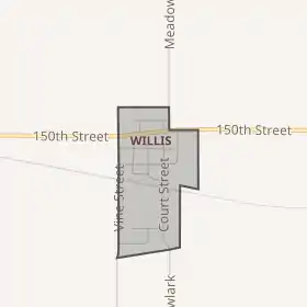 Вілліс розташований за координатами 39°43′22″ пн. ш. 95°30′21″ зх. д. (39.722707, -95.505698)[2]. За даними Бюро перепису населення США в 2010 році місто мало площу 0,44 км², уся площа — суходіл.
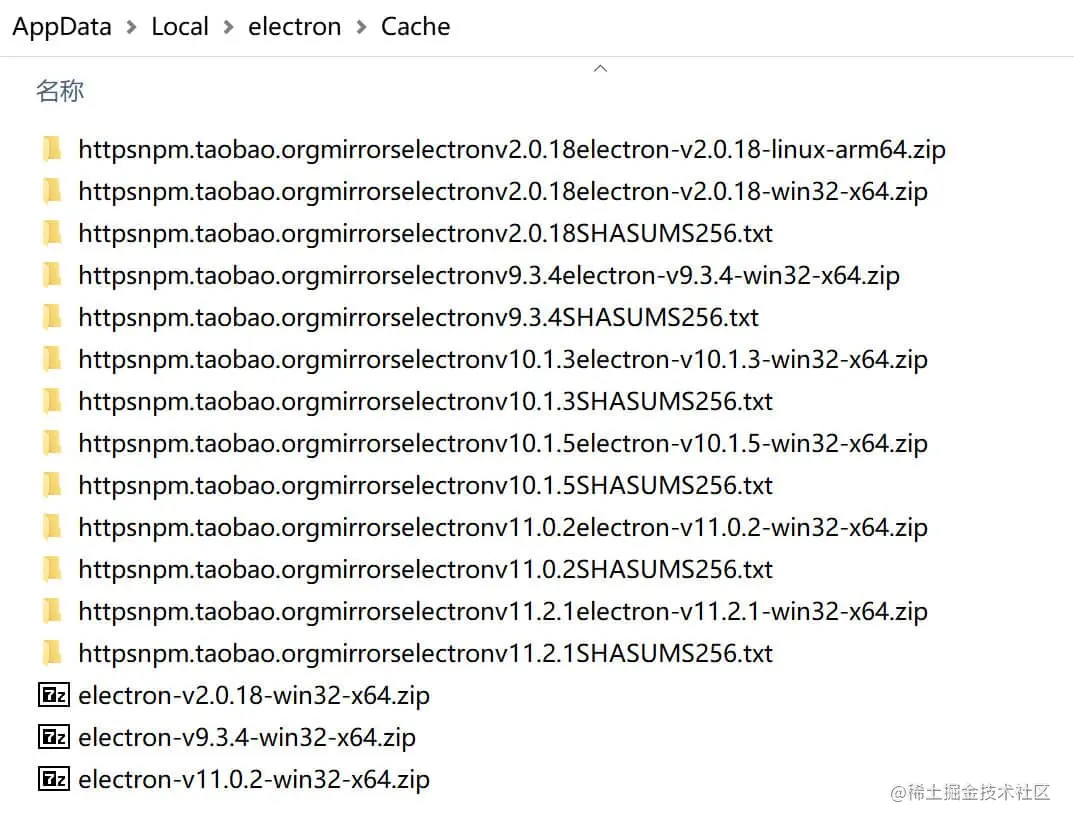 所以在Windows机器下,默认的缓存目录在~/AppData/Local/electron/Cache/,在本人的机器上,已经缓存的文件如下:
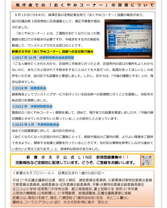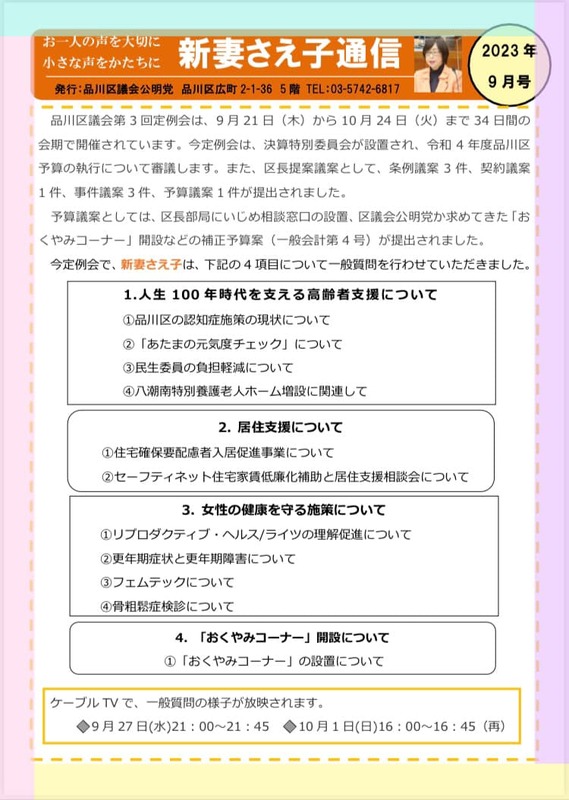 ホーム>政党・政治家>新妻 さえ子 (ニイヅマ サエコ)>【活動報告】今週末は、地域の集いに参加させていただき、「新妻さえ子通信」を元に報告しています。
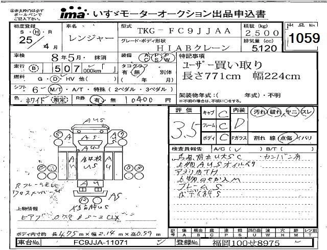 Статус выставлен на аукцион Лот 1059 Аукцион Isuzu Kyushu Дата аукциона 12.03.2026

+++

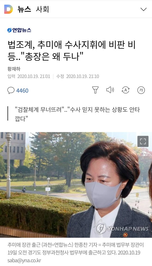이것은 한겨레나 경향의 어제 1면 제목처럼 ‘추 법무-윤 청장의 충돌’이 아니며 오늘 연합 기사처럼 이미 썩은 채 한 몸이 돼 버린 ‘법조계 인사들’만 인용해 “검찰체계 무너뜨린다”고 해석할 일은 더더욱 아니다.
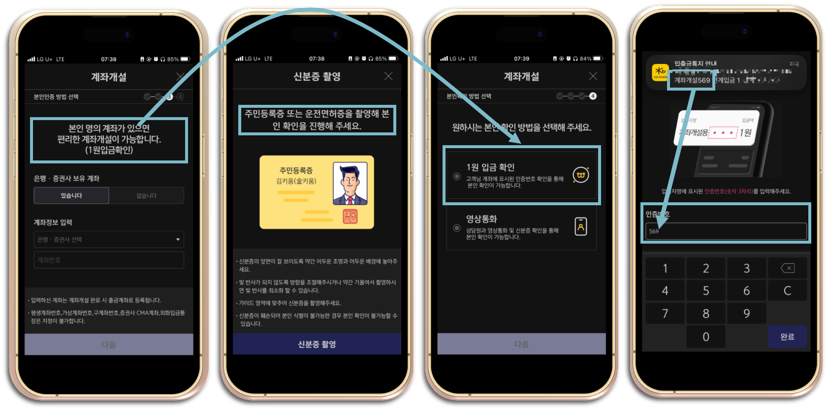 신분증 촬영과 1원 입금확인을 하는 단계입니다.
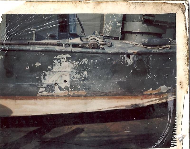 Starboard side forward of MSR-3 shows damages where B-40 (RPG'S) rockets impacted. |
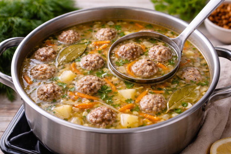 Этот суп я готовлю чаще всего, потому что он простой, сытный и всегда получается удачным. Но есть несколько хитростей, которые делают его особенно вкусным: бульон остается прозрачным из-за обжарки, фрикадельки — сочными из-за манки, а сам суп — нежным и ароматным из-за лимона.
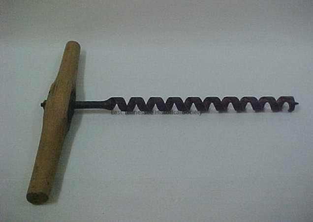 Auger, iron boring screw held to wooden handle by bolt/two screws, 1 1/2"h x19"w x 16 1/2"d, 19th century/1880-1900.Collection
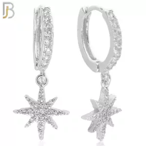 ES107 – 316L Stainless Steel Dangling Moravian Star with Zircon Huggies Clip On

+++

__What you will do__
Each line above from the one containing "신분증 촬영과 1원 입금확인을 하는 단계입니다." through the one containing "ES107 – 316L" is to be returned verbatim. Nothing else, and no pictures.

__Exercise response__
 신분증 촬영과 1원 입금확인을 하는 단계입니다.
 Starboard side forward of MSR-3 shows damages where B-40 (RPG'S) rockets impacted. |
 Этот суп я готовлю чаще всего, потому что он простой, сытный и всегда получается удачным. Но есть несколько хитростей, которые делают его особенно вкусным: бульон остается прозрачным из-за обжарки, фрикадельки — сочными из-за манки, а сам суп — нежным и ароматным из-за лимона.
 Auger, iron boring screw held to wooden handle by bolt/two screws, 1 1/2"h x19"w x 16 1/2"d, 19th century/1880-1900.Collection
 ES107 – 316L Stainless Steel Dangling Moravian Star with Zircon Huggies Clip On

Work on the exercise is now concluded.